- **Your instructions**: When you return the material, keep every line exactly as it is and omit the pictures.

- **Dataset section**:
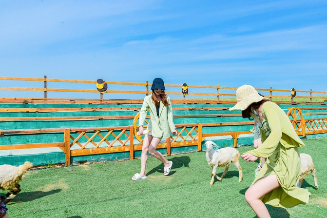 在快乐羊牧场,可以看小羊赛跑,与小动物亲密接触,还可以饲养羊羔,非常适合带着娃来玩。
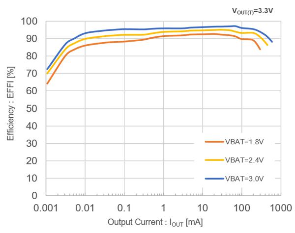 XC9145系列的超低消耗電流電路將電流消耗降低至400nA,同時采用PWM/PFM控制方式使得產品在輕負載下顯著提高效率,特別是輸出電流為數μA時,與傳統DC/DC轉換器相比,效率得到大幅提高(圖1)。VIN=2.4V、VOUT=3.3V、IOUT=10μA時的效率達到 89.9%,兼容低功耗的MCU和SoC。 無需復雜控制,也可以顯著降低恒定升壓工作有較大的系統待機時間的 IoT和便攜式設備的功耗,貢獻于延長電池使用時間
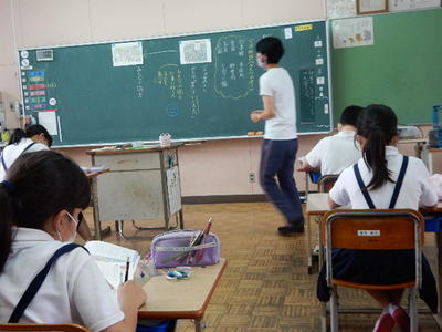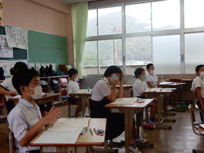 今日は、天草市教育委員会の先生、御所浦中学校の先生、東京からの学生さん(キャラバン隊)が来校されました。2時間目の5年生の国語の授業では、タブレット端末に自分の考えを残しながら、話し合いが行われました。児童は、緊張しながらも話し合いが少しずつ活発になっていく姿が見られました。緊張の中での授業、これも大切な経験です。

- **Written response**:
 在快乐羊牧场,可以看小羊赛跑,与小动物亲密接触,还可以饲养羊羔,非常适合带着娃来玩。
 XC9145系列的超低消耗電流電路將電流消耗降低至400nA,同時采用PWM/PFM控制方式使得產品在輕負載下顯著提高效率,特別是輸出電流為數μA時,與傳統DC/DC轉換器相比,效率得到大幅提高(圖1)。VIN=2.4V、VOUT=3.3V、IOUT=10μA時的效率達到 89.9%,兼容低功耗的MCU和SoC。 無需復雜控制,也可以顯著降低恒定升壓工作有較大的系統待機時間的 IoT和便攜式設備的功耗,貢獻于延長電池使用時間
 今日は、天草市教育委員会の先生、御所浦中学校の先生、東京からの学生さん(キャラバン隊)が来校されました。2時間目の5年生の国語の授業では、タブレット端末に自分の考えを残しながら、話し合いが行われました。児童は、緊張しながらも話し合いが少しずつ活発になっていく姿が見られました。緊張の中での授業、これも大切な経験です。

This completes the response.